Fresh spring, fresh start

It helps that I just returned from Brazil, buoyed by an amazing, once-in-a-lifetime adventure of travel, presenting to a crowd of somewhere between 1500 to 2000 people, all-expenses-paid, with a hotel room looking out the south hemisphere's version of the Atlantic Ocean, right across the street. I never dreamed anything like this opportunity would come to me in a million years. Even when it did, I couldn't believe it had. Now that it's over, and I'm back, it feels like a fabulous dream. Except that I have pictures of the trip, and a little trophy for presenting, so I know it must have been real.

I provided two presentations, each 40 minutes, through a translator. The first one was on the Neuromatrix model of pain, an the other was on dermoneuromodulation, my own version of manual therapy and an argument in favor of good handling based on nervous system considerations as opposed to structuralist and other mesodermal considerations.

I had a chance to speak up close and personal with a few of the English-speaking (much much) higher rollers in the profession, Paul Hodges and Sarah Mottram, and engage them in a fierce conversation or two. Both of them are doing nice work, but work from a perspective that (too narrowly, in my opinion) targets only the voluntary efferent aspect of the multi-dimensional human nervous system and leaves out consideration of all its afferent aspects, handling only to "correct" somebody's posture, or to electrically "stimulate" some sort of observable and variable muscular response. Neither of these people have anything much to say about strategic deliberate handling of tissue or what the brain might think about that on all its multiple levels, so I suppose the conversations were mostly just flybys. They were entertaining though.. and these are sweet people - just not on any kind of resonant human primate social grooming level with me at all. In any way. Whatsoever. They believe (at least I gathered they do) that motor output is all there is or should be interesting in PT. The "movement specialist" thing. This to me indicates a seriously blinkered perspective which shrinks the interactive aspects of physiotherapy to "operator" stance only, and doesn't explicitly deal with somatosensory input or the kinds of (usually favorable, provided the nervous system isn't sick) changes, effects on pain perception, which can catalyze in a neuromatrix on multiple levels. Sarah commented that she thought my term "human primate social grooming" was "horrid." Alrighty then...

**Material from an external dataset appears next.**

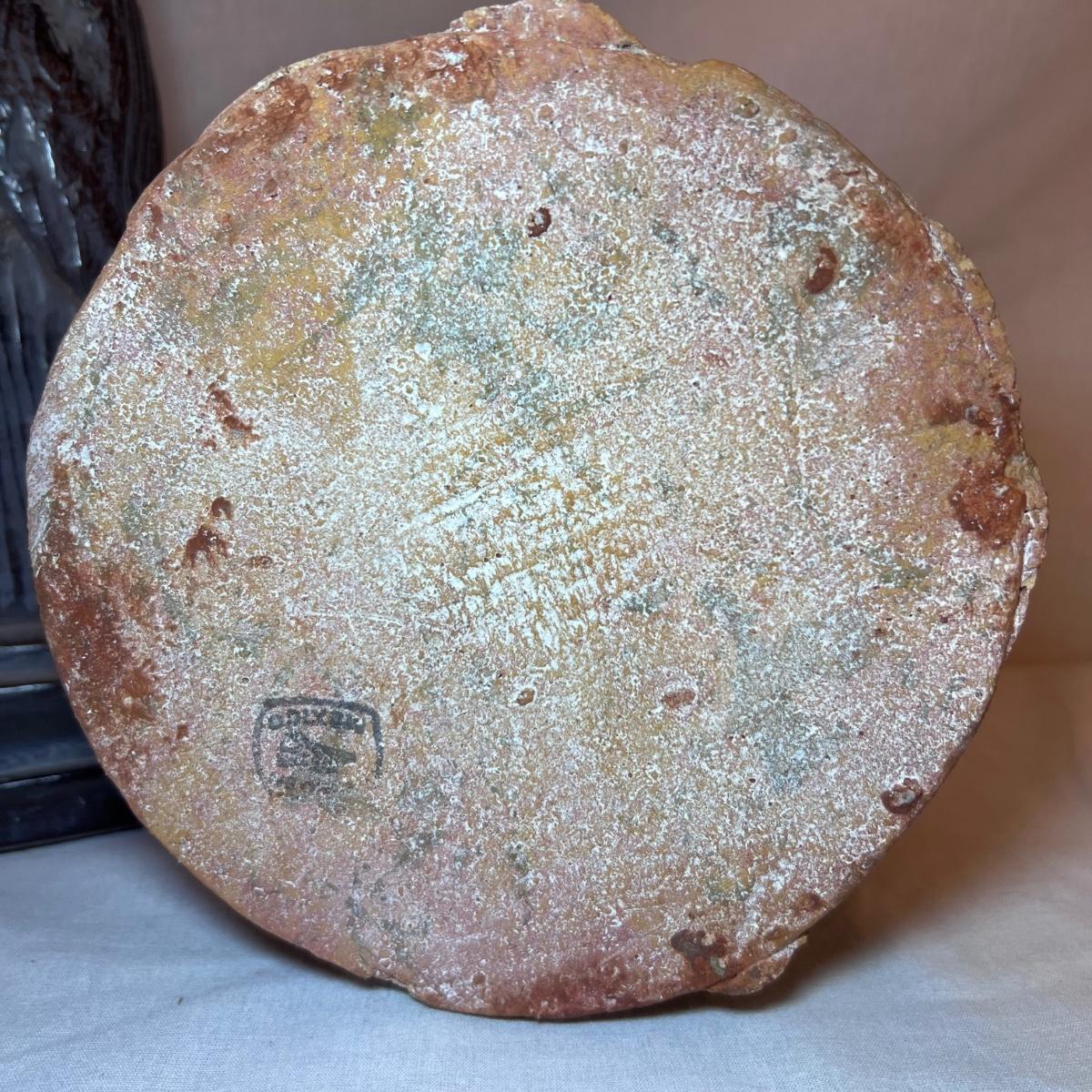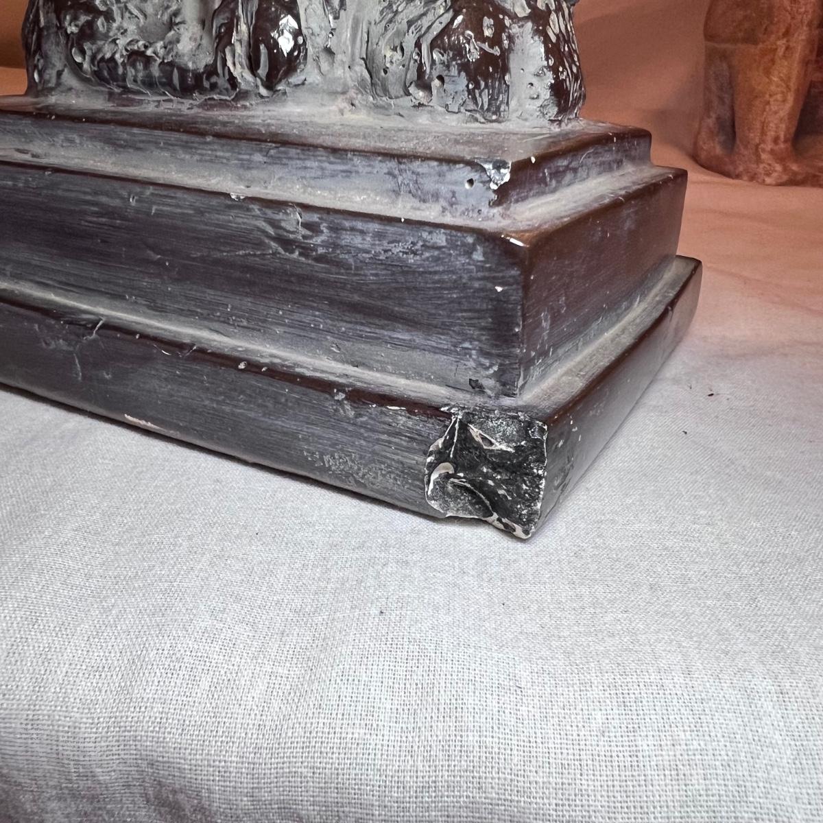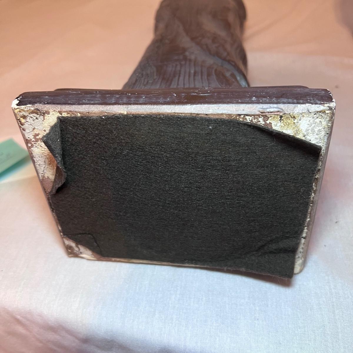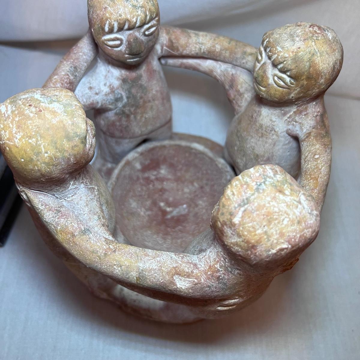 The Madonna and child statue measures 6” x 4” x 19.5”H and appears to be made of a hard resin like material. Note the small chip n the base. The Circle of Friends candle holder is ceramic.

I have more blog posts to make about this fantastic adventure, and I will. I'll tell you all about Brazil from the vantage point of a human primate social groomer of exceedingly low rank in the greater human troop, who quite suddenly found herself being treated like a queen and knew not quite what to make of it all.

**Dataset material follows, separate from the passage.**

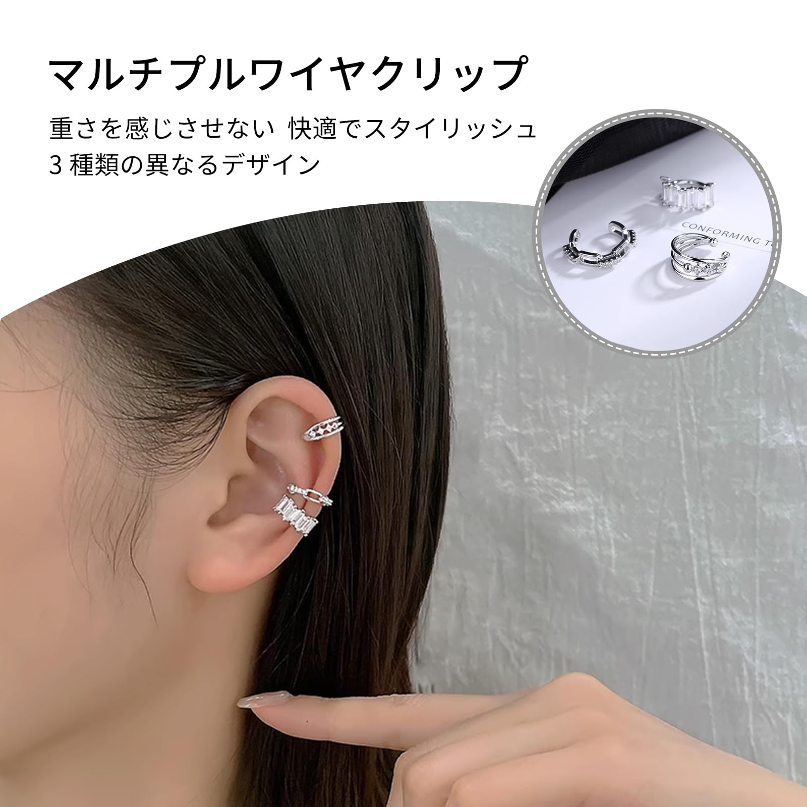 【イヤークリップ】は、ピアスの有無にかかわらず、痛みのないパンチングを実現します。単独で、並べて、お好きなように装着できます。 "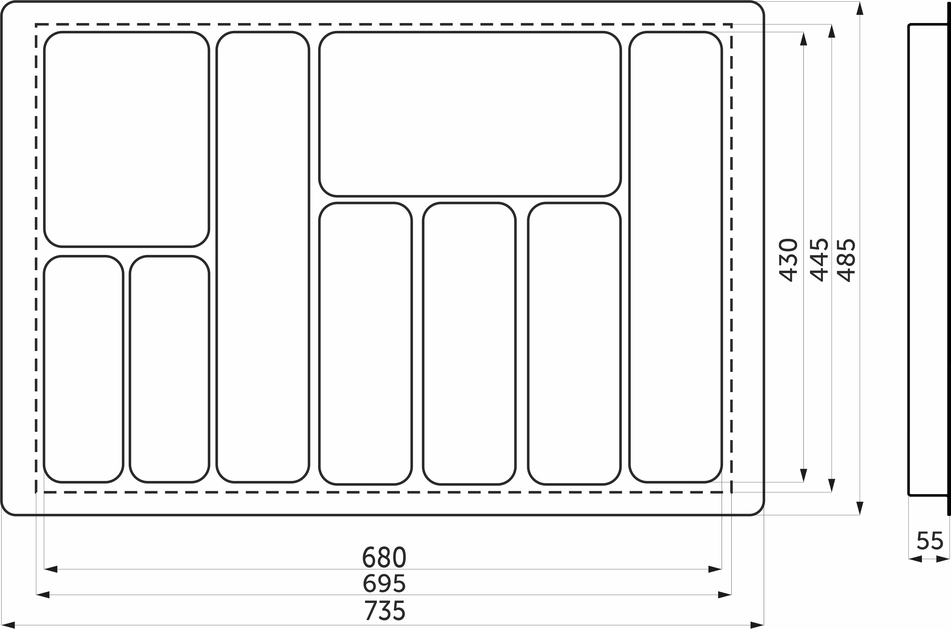- возможна установка в ящик глубиной от 440 мм до 485 мм за счет возможности подрезки.

However, now I have to arrange to go back to Vancouver for 5 days, rent a car, dismantle what's left of my practice, deal with paperwork (never my fave), get rid of the "stuff" (treatment table, etc.), stow my patient files appropriately and legally with a PT in BC (already organized) until they have expired, visit the bookkeeper, pick up and file my income tax finally - I have til mid-June apparently.

This is all major organizing-cognitive hard drive stuff for me. I'm never very good at it, or at least I always feel completely incompetent at it, but I have to say I doubt I could have got any of it done the shape my cognitive hard drive was in a year ago or even half a year ago - it has been doing a lot better since moving back into sunshine. Now I can remember lists of items again, as long as they aren't very long. I can make plans again and execute them more seamlessly instead of just following my nose around and course-correcting by bumping into the walls of reality/social troop requirements. Things are looking up this year. Less stress, less depression, less pressure, less rain and fewer foggy grey days.